Alles beim Alten also? Vielleicht – wäre da nicht diese neue Normalität. Sie ist es, die Irans Machthaber fürchten. Die sie sogar dazu bringt, im öffentlichen Fernsehen ihre Nervosität gegenüber dieser rebellischen Jugend, diesen wehrhaften Frauen und ihren insgesamt wütenden Landsleuten zuzugeben. Es ist das grosse «Trotzdem» einer Bevölkerung, die dem Regime den Mittelfinger entgegenstreckt. Ein Trotzdem, das irgendwann in den Geschichtsbüchern studiert werden wird. Man wird studieren, wie Musiker trotz Berufsverboten ihre Protestlieder anstimmten. Wie Hebammen, denen in die Augen geschossen worden war, trotz ihrer Verletzungen mit Victory-Zeichen ihren Dienst antraten. Wie Frauen trotz verschärfter Hidschab-Gesetze auf das Kopftuch verzichteten. Man wird studieren, wie es Normalität wurde, dass jene, die sie dafür zurechtwiesen, fotografierten, anzeigten, beschimpften oder angriffen – von anderen beschimpft, fotografiert, angegriffen und vertrieben wurden. Aus Solidarität.

Das neue Wir-Gefühl

Es ist eine Solidarität, die sich, wie noch nie zuvor im Iran, intersektional begreift. Zum ersten Mal stellt sich eine Protestbewegung den jahrhundertelangen Verletzungen marginalisierter Gruppen – und erkennt sie als Speerspitze des Widerstands an. Ein neues «Wir» wird hier definiert. Eines, das auch die Diaspora ansteckt, die bereit ist, die Vision eines neuen Iran mitzutragen.
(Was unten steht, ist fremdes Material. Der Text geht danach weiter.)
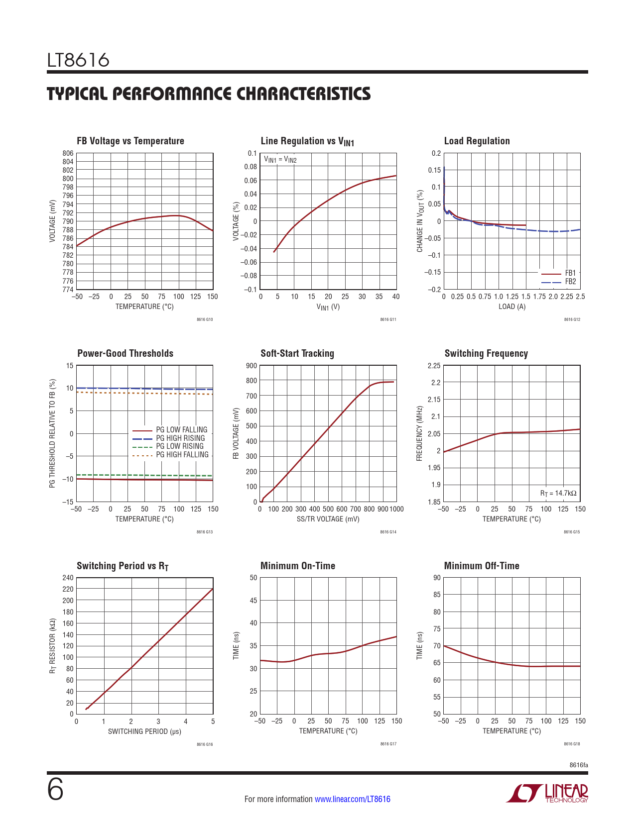 806 0.1 0.2 804 VIN1 = VIN2 802 0.08 0.15 800 0.06 798 0.1 796 0.04 794 (%) 0.02 0.05 792 OUT 790 0 0 TAGE (mV) 788 TAGE (%) –0.02 VOL 786 VOL –0.05 784 –0.04 CHANGE IN V 782 –0.1 780 –0.06 778 –0.08 –0.15 FB1 776 FB2 774 –0.1 –0.2 –50 –25 0 25 50 75 100 125 150 0 5 10 15 20 25 30 35 40 0 0.25 0.5 0.75 1.0 1.25 1.5 1.75 2.0 2.25 2.5 TEMPERATURE (°C) VIN1 (V) LOAD (A) 8616 G10 8616 G11 8616 G12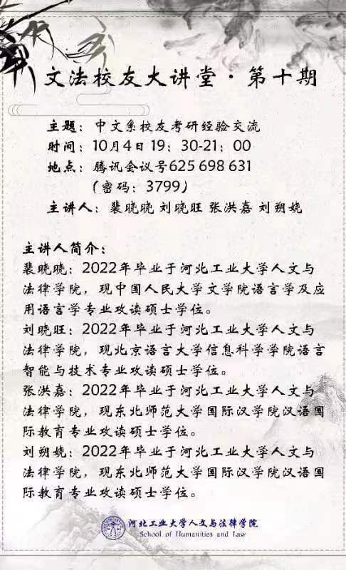 10月4日晚7点半,每日大赛 特邀现攻读中国人民大学文学院语言学及应用语言学专业硕士学位的裴晓晓、现攻读北京语言大学信息科学学院语言智能与技术专业硕士学位的刘晓旺、现攻读东北师范大学国际汉学院汉语国际教育专业的张洪嘉和现攻读东北师范大学国际汉学院汉语国际教育专业硕士学位的刘朔娆共四位文法校友做客线上讲座,分享他们的考验经验,为各位正在考研或即将考研的同学们点明方向,指点迷津。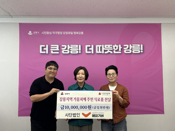 ㈔해피기버(이사장 권태일)는 22일 강릉시에 1000만원 상당의 즉석식품을 전달하며 강릉지역 가뭄 피해 주민 돕기에 나섰다.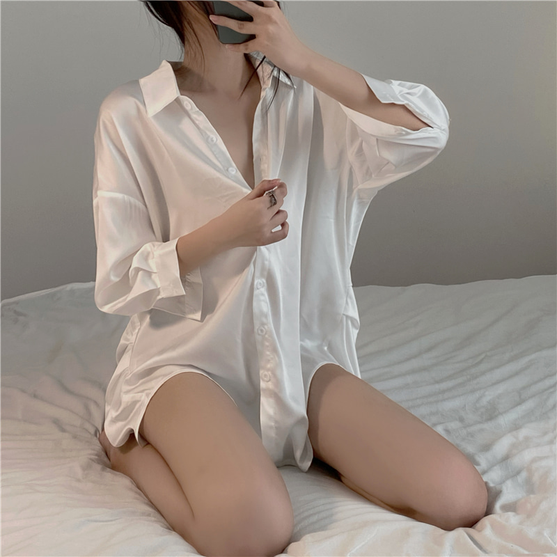 오버핏 남친 셔츠 아이스 실크 폴로 카라 중간 길이 잠옷/홈웨어/파자마/파티룩/호캉스룩/촬영룩
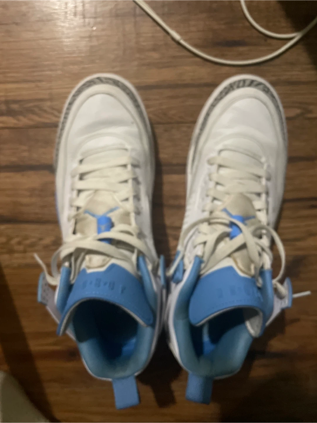 Selling a pair of Air Jordan 3 Retro in the UNC colourway. These sneakers are in good condition and ready for a new owner. They feature the classic elephant print detailing and Carolina blue accents.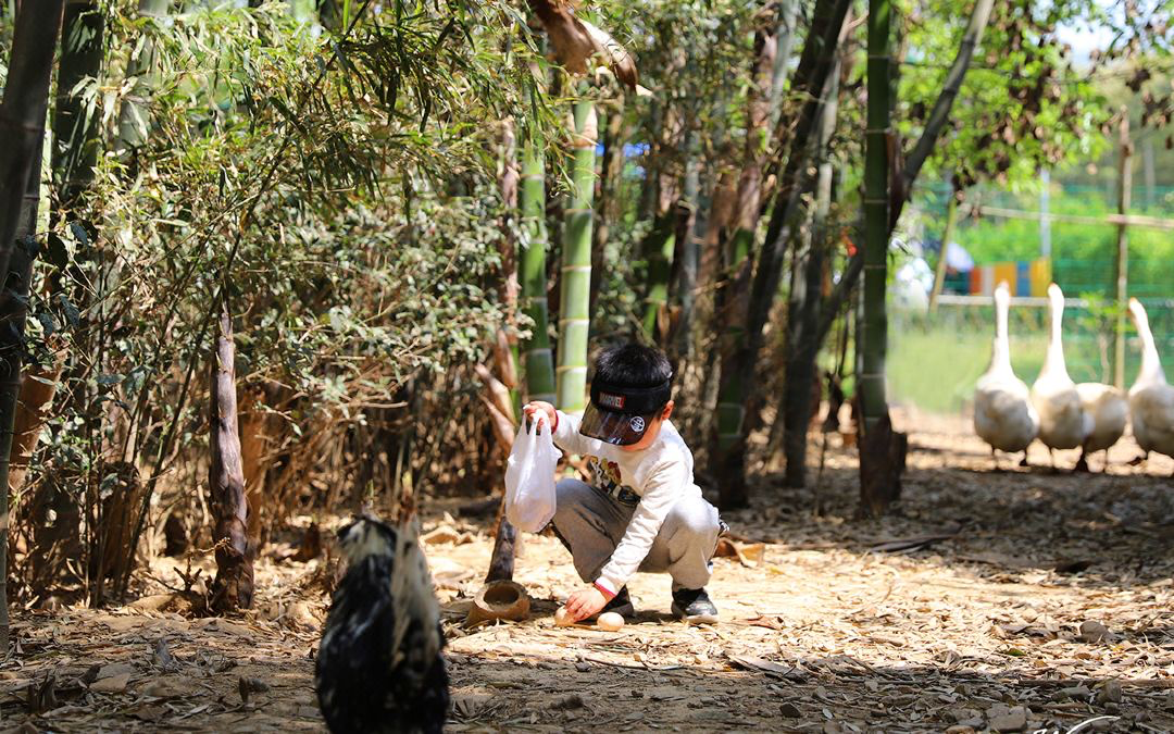 周围是大片的茶山和竹林,满眼的绿色。还可以在牧场喂小动物、竹林摸鸡蛋,还可以骑马、开卡丁车,可以和小朋友一起亲近大自然。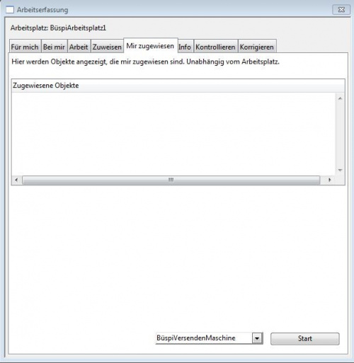 • Objekt/DO kann gestartet werden. In diesem Fall hat der Benutzer die Möglichkeit von allen möglichen Maschinen/MA an seinem Arbeitsplatz eine auszuwählen. (Genauere Details hierzu in einem vorherigen Kapitel)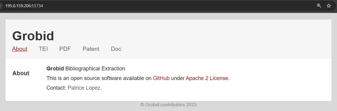 Once you have selected an instance offer, You’ll click on the INSTANCES link in the left menu and see your rented GPU instance that has your template applied. When the instance is done loading and the >_CONNECT state on the blue button appears, you should be able to see the ip range button at the top of the instance card. If you click the IP range button you will see a new modal has the IP and port information for your instance. You’ll see the port 8070 that we set listed in Open Ports. You can copy the machine IP and port and load the address (in this example: 195.0.159.206:55734) in a new browser tab or window. This address will load the GROBID web app.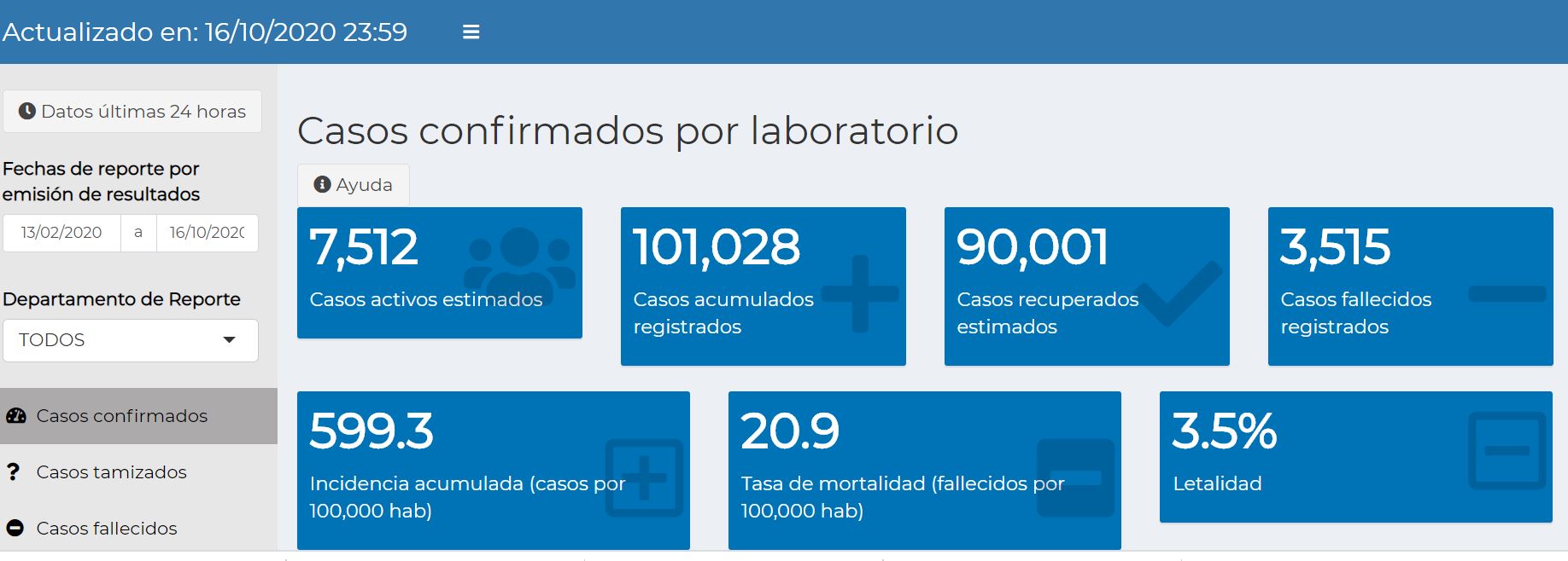 El reporte diario de casos nuevos, fallecidos y recuperados se toma del apartado “datos últimas 24 horas” del tablero del Ministerio de Salud, aunque las cifras pueden variar durante el día.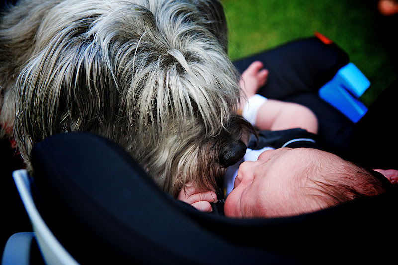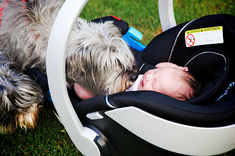 The first order of business was introducing Olive and Oscar to their new best friend, which we’ve been trying to plan out for some time. We had sent a baby blanket home for them to sniff and get accustomed to, and then when we arrived home, Ryan and I took turns going inside to say hello to them while the other sat with Emma Vance in the air conditioned car. Then I took the dogs on leashes and Ryan grabbed the baby in her car seat (for a quick exit in case the puppies freaked her out), and introduced them in the yard. (Let’s just say it was quite a “dance” in order to make sure that the dogs felt important and validated before meeting their new sister…) E.V. was a bit confused and thus perturbed by cold noses in her face, but other than that, we had no major problems! (Whew!) Oscar, who’s very happy-go-lucky, was thrilled, and hasn’t left her alone since. Olive, on the other hand, was a little slighted to not be the star of the family anymore and only sniffed her once before literally turning her back on E.V. and ignoring her. Ha!

Kinder von Exiliraner:innen versuchen, ihr gebrochenes Persisch aufzupolieren, beschäftigen sich zum ersten Mal mit der Biografie ihrer Eltern, lassen sich von ihnen beibringen, «Zereschk Polo», den persischen Berberitzenreis, zu kochen, und lernen die Geschichte eines Landes kennen, das für sie bislang vor allem mit Trauer und Trauma verbunden war.

Zum ersten Mal sind sie bereit, sich damit auseinanderzusetzen, was in den 1980er Jahren passiert ist, als das Regime Tausende Oppositionelle hinrichten liess. Sie gedenken der zehn Bahai-Frauen aus Schiraz, die 1983 wegen ihres Glaubens am Galgen starben. Und erinnern die internationale Community an Terroranschläge auf europäischem Boden, wie jenen auf den kurdischen Politiker Abdul-Rahman Ghassemlu in Wien im Juli 1989, dessen Mörder die österreichischen Behörden später auf Druck des Regimes unbehelligt zum Flughafen eskortierten.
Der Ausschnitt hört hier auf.